* Activity *
Would you retype the listing below word for word, without any of its pictures?

* Data below *
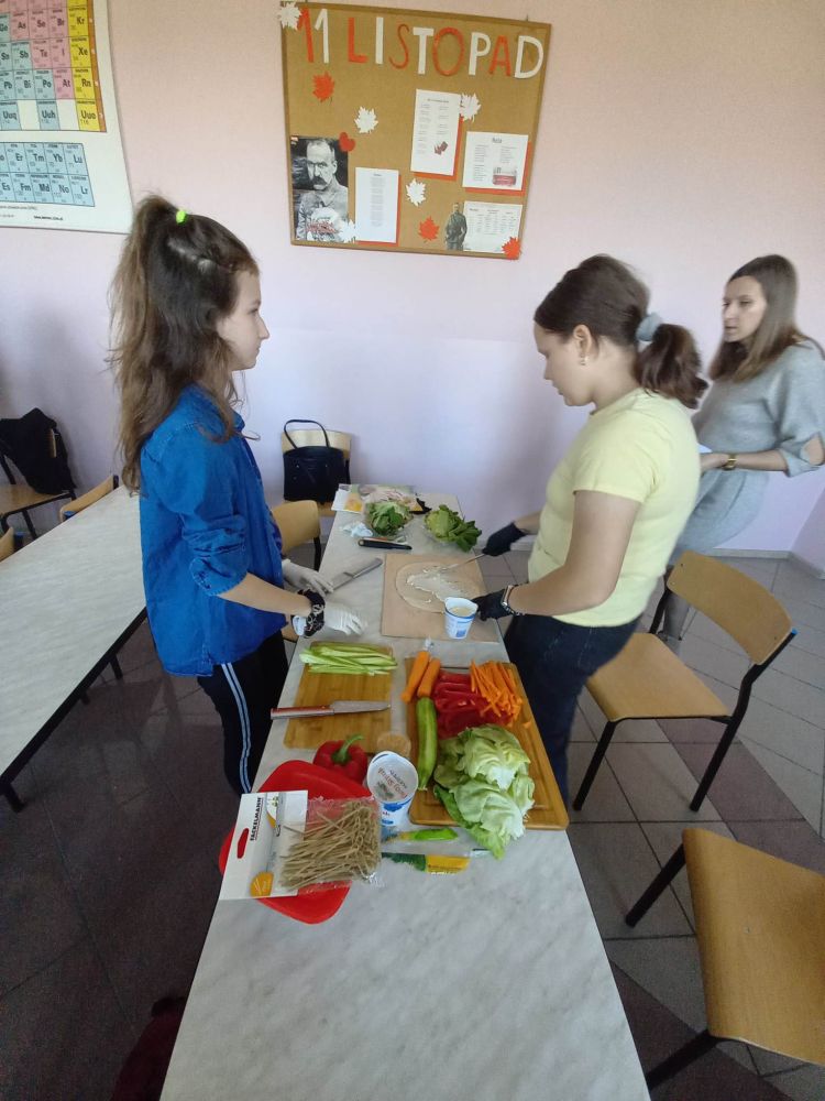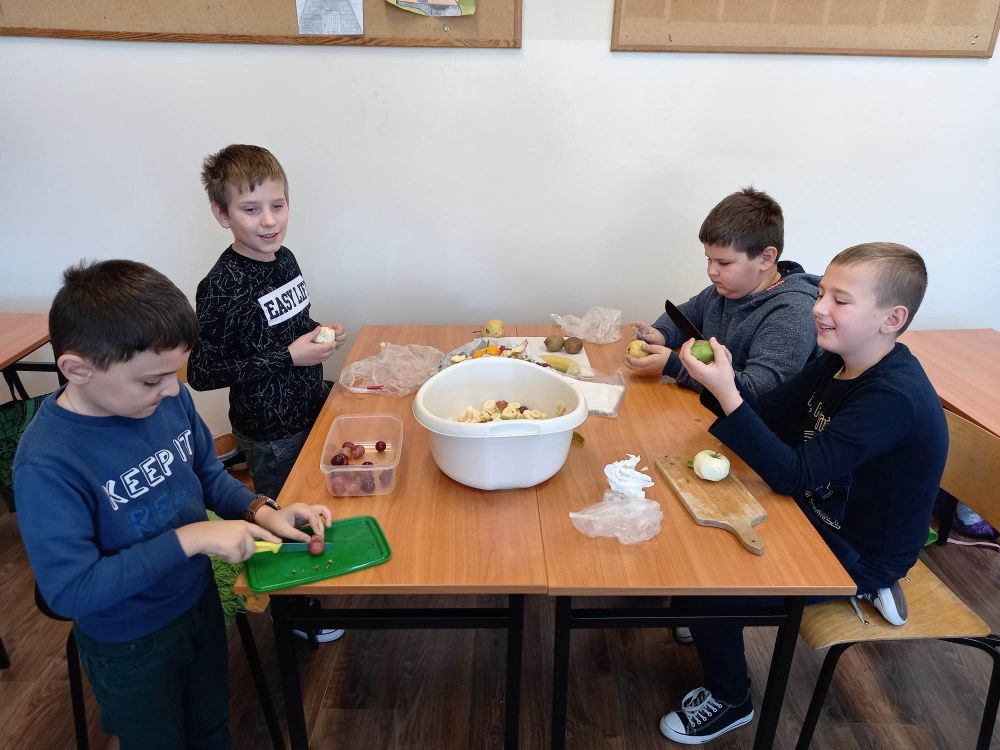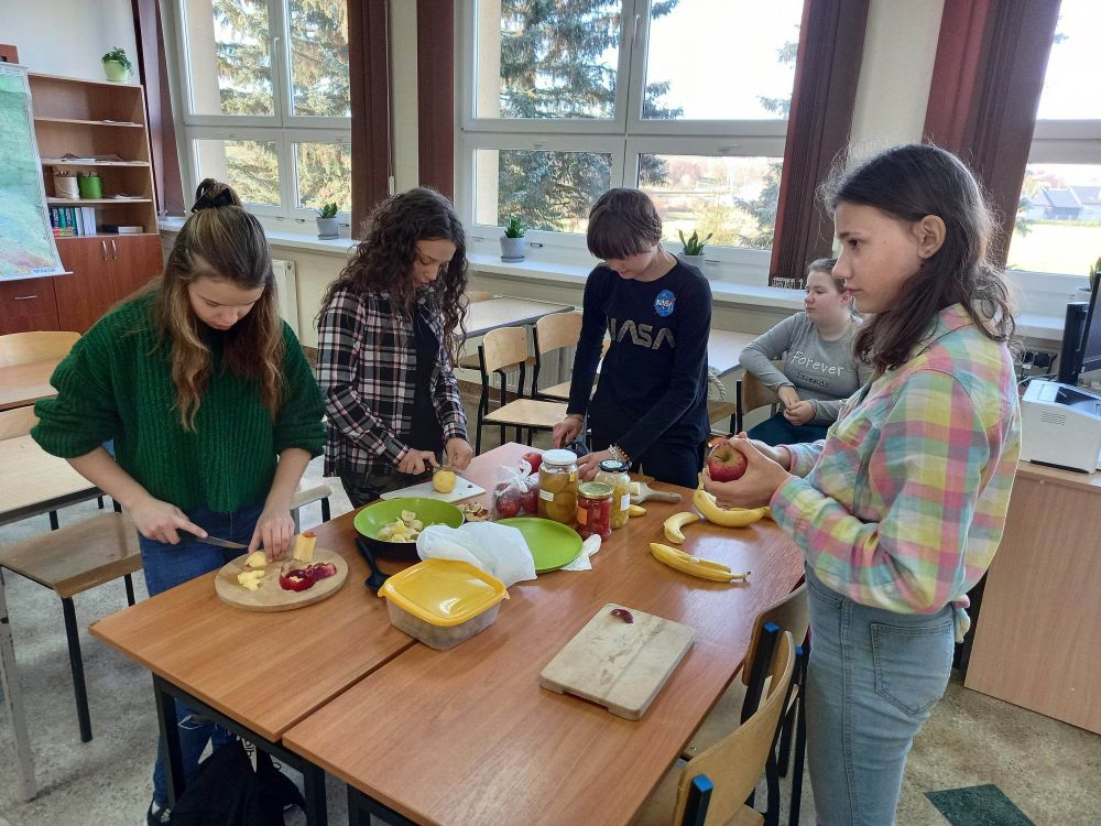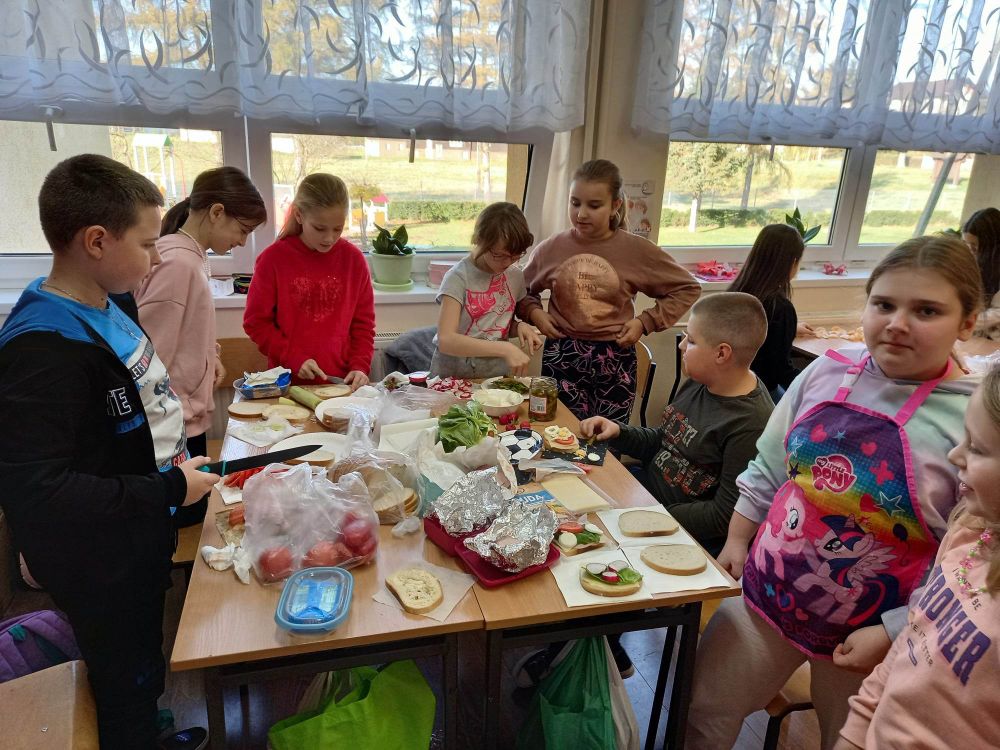 Europejskiego Dnia Zdrowego Jedzenia i Gotowania nie sposób świętować inaczej, jak tylko przygotowując i konsumując zdrowy posiłek. 8. listopada uczniowie klas I, IV-VIII własnoręcznie przygotowali drugie śniadanie. W menu pojawiły się m.in. kanapeczki, koreczki, tortille, naleśniki, sałatki owocowe, jogurty, lemoniada oraz świeżo wyciśnięte soki z owoców. Chociaż było przy tym trochę bałaganu, młodzi kucharze spisali się na medal.
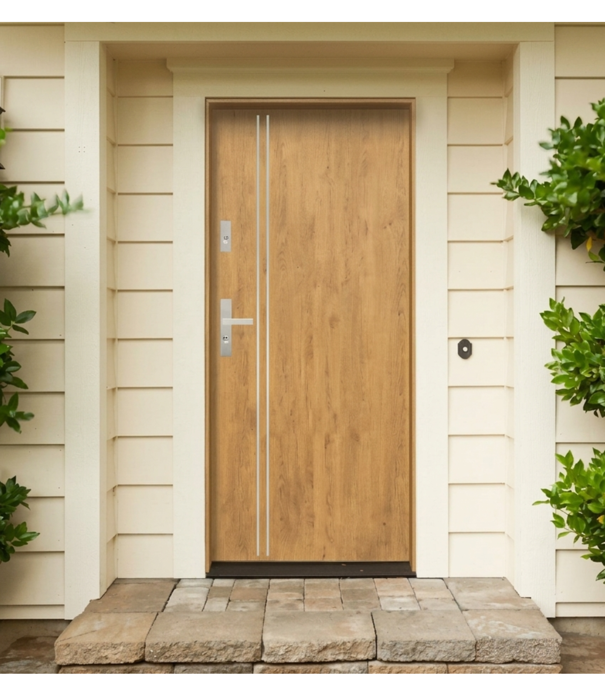 Nowoczesne drzwi zewnętrzne ocieplane o grubości 68 mm produkowane w Polsce. Grubość skrzydła oraz jego konstrukcja pozwoliła na osiągnięcie satysfakcjonującego współczynnika izolacyjności akustycznej i cieplnej.
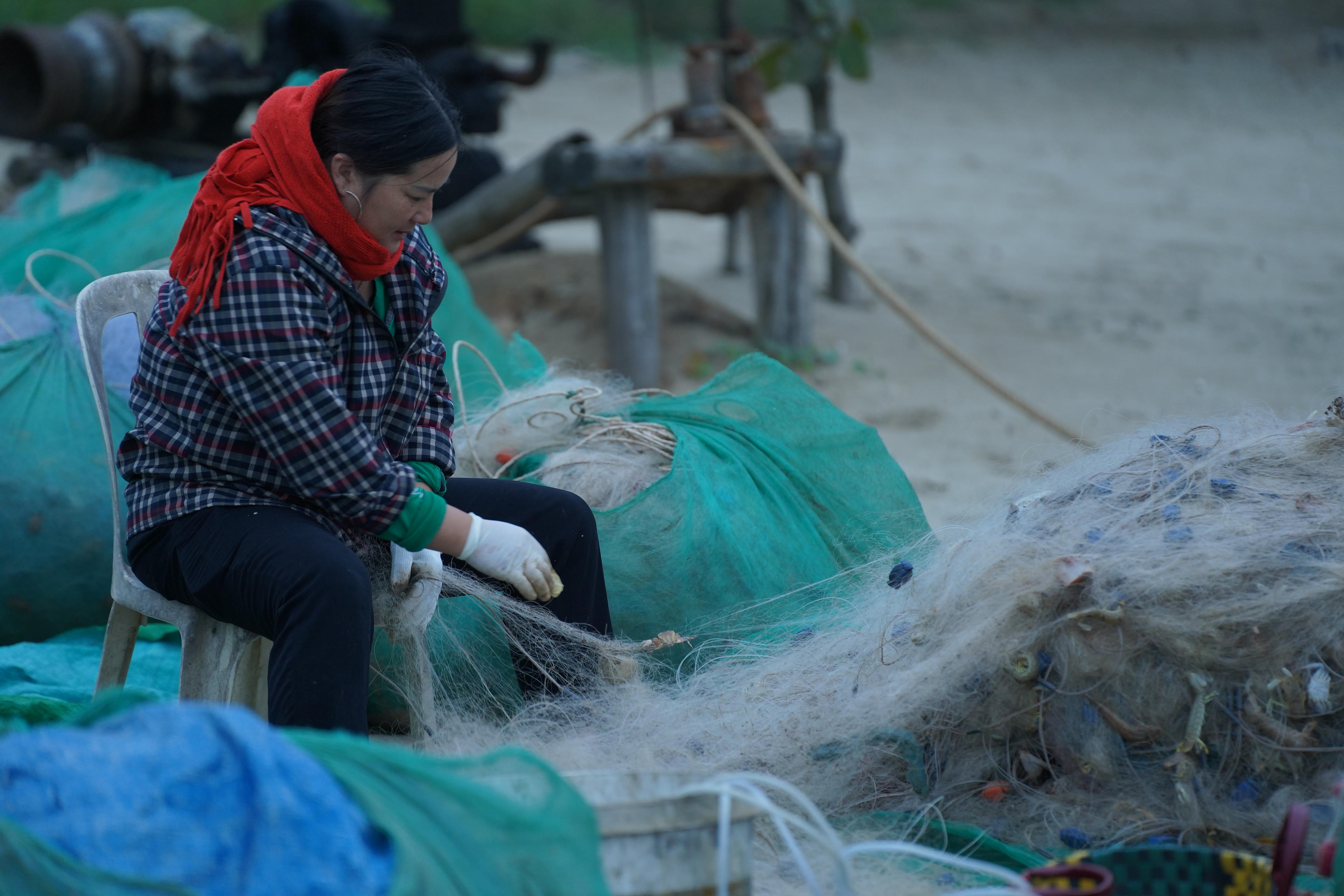 Trên bờ, người phụ nữ làng chài miệt mài gỡ lưới - Ảnh: Hương Giang |

* Task solution *
 Europejskiego Dnia Zdrowego Jedzenia i Gotowania nie sposób świętować inaczej, jak tylko przygotowując i konsumując zdrowy posiłek. 8. listopada uczniowie klas I, IV-VIII własnoręcznie przygotowali drugie śniadanie. W menu pojawiły się m.in. kanapeczki, koreczki, tortille, naleśniki, sałatki owocowe, jogurty, lemoniada oraz świeżo wyciśnięte soki z owoców. Chociaż było przy tym trochę bałaganu, młodzi kucharze spisali się na medal.
 Nowoczesne drzwi zewnętrzne ocieplane o grubości 68 mm produkowane w Polsce. Grubość skrzydła oraz jego konstrukcja pozwoliła na osiągnięcie satysfakcjonującego współczynnika izolacyjności akustycznej i cieplnej.
 Trên bờ, người phụ nữ làng chài miệt mài gỡ lưới - Ảnh: Hương Giang |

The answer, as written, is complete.